After moving on they reach what they think is a relatively safe area. Vera leaves Guy and the child to rest in an abandoned and half-sunk boat on the edge of a lake while she goes to find a bus that will take them to Split. Vera is captured along with other civilians by members of the Croatian Defense Council (HVO). The HVO takes their prisoners to the waterfront where Guy is hiding in the boat. The HVO then proceed to beat several to death with a sledgehammer, including Vera, as they stand in the water. The fighters shoot those that are left as Guy witnesses the slaughter from inside the boat but can do nothing without giving himself and the child away. He smothers the baby in order to keep her quiet as the HVO prepares to leave. She stops breathing but is soon resuscitated by Guy.

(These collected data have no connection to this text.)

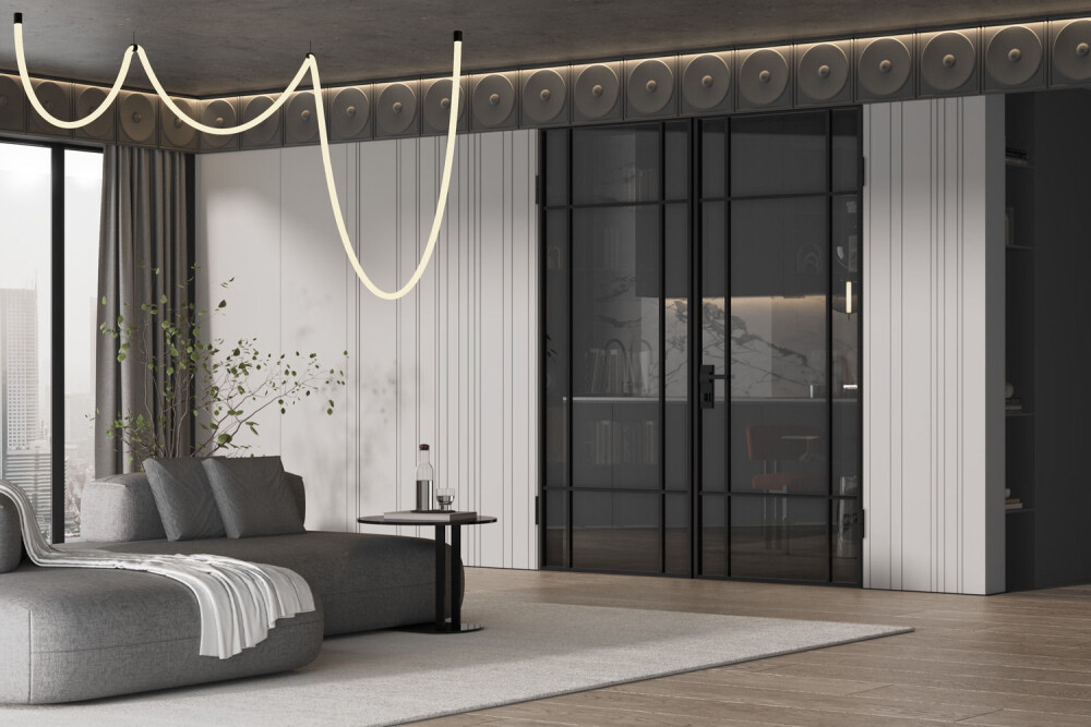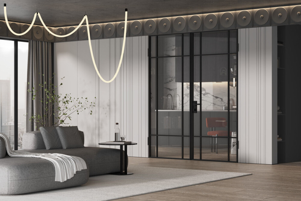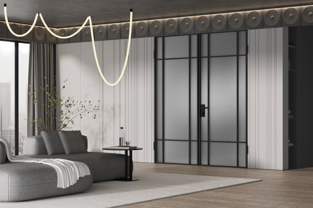 Современный дизайн: стильные межкомнатные двери в алюминиевой рамке со стеклом — оригинальный способ эффективно разделить пространство в доме или офисе. Центральным элементом дизайна является стеклянная вставка на весь размер полотна, которая зрительно увеличивает площадь комнаты, создавая комфортную, уютную атмосферу. Модель Спейс АПР 8 подходит для распашной системы открывания.
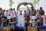 Menteri Lingkungan Hidup dan Kehutanan Siti Nurbaya Bakar (ketiga kiri) bersama Kepala Staf Angkatan Laut Laksamana TNI Yudo Margono (ketiga kanan) menunjukkan bibit mangrove yang akan ditanam di Tanjung Pasir, Kabupaten Tangerang, Banten, Selasa (26/7/2022). TNI AL menggelar penanaman 1.000.377 bibit mangrove secara serentak di 77 lokasi di Indonesia untuk memperingati Hari Mangrove Sedunia yang jatuh pada tanggal 26 Juli. ANTARA FOTO/Fauzan/hp.
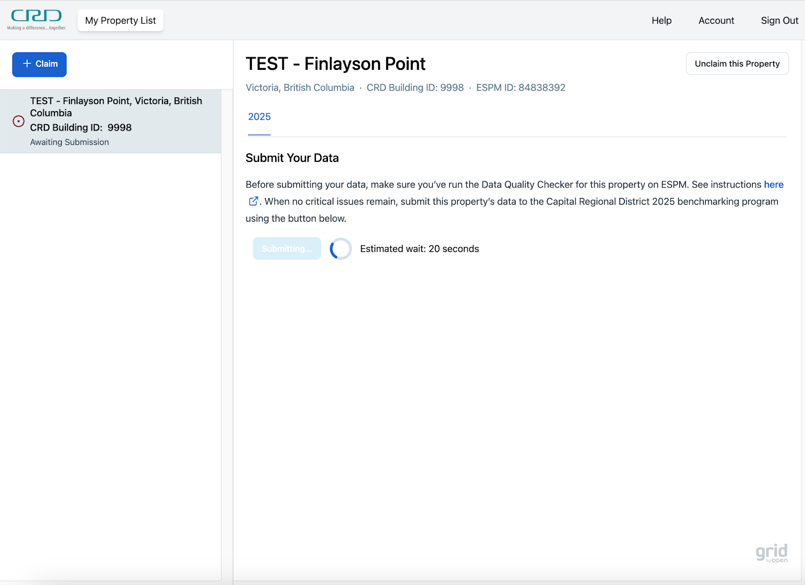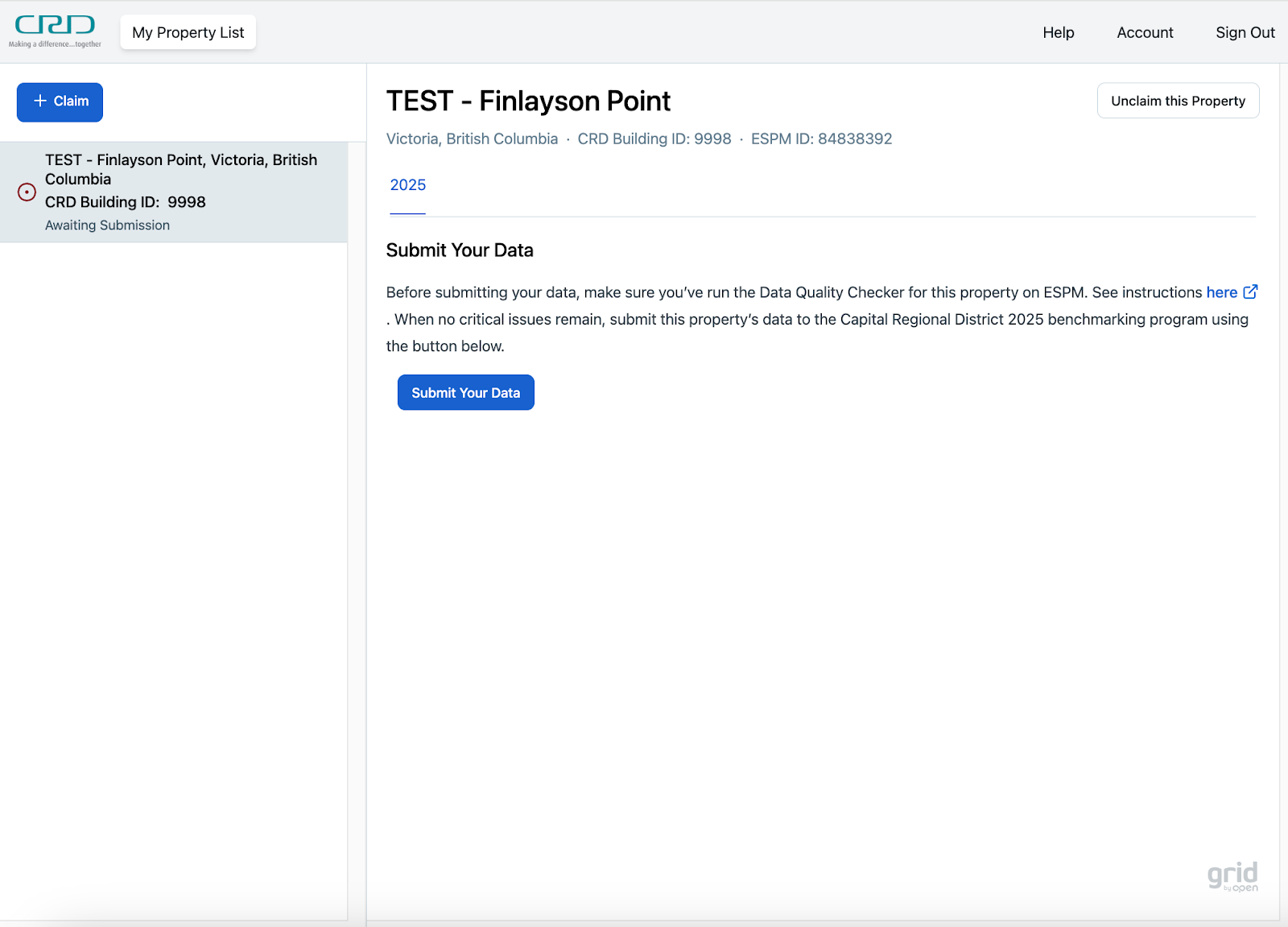 STEP 5 - Click ‘Submit Your Data’ to submit your property to the CRD Building Benchmarking Program. This will launch the Data Quality Checker to check that your property data is complete before you can finish the submission process.

Guy eventually makes his way onto a bus that takes him and the baby to Split where he leaves Vera's baby in an unattended Red Cross vehicle and writes the name "Vera" on a paper before walking to a pier, throwing his rifle and scope in the water and collapsing on a bench. A woman who was on the bus with him approaches him, carrying the girl and offering help. When she asks if the baby is his, Guy replies that she is and the woman promises to take them both to a hospital.

==Cast==
- Dennis Quaid as Joshua Rose / Guy
- Nataša Ninković as Vera
- Stellan Skarsgård as Peter Dominic
- Nastassja Kinski as Maria Rose
- Sergej Trifunović as Goran
- Pascal Rollin as Paris Priest
- Catlin Foster as Christian
- John Maclaren as Colonel
- Irfan Mensur as Drill Sergeant
- Ljiljana Krstić as Old Lady
- Sanja Zogović as Girl On Bridge
- Kosta Andrejević as Boy on Bridge
- Veljko Otašević as Orthodox Priest
- Marina Bukvički as Muslim Girl
- Dušan Perković as Uncle Ratko
- Svetozar Cvetković as Croat Officer
- Josif Tatić as Croat Executioner

==Reviews==
On review aggregation website Rotten Tomatoes, Savior currently has a 60% "Fresh" rating based on 10 reviews, with an average rating of 6.6/10. On IMDb it scores 7.2/10. Film critic Roger Ebert gave the film three and a half stars out of a possible four, stating that "Savior is a brutally honest war film that looks unblinkingly at how hate and prejudice can pose as patriotism."

==Music==
The musical arrangements were orchestrated by David Robbins. Choral arrangements were conducted by Gil Robbins and featured the choir of Radio Television of Serbia and the Belgrade Symphony Orchestra. The film featured several traditional regional folk songs, such as Zajdi, zajdi, Uspavanka (sang as a lullaby), and Rasti, rasti, moj zeleni bore (all used as the theme and in the credits).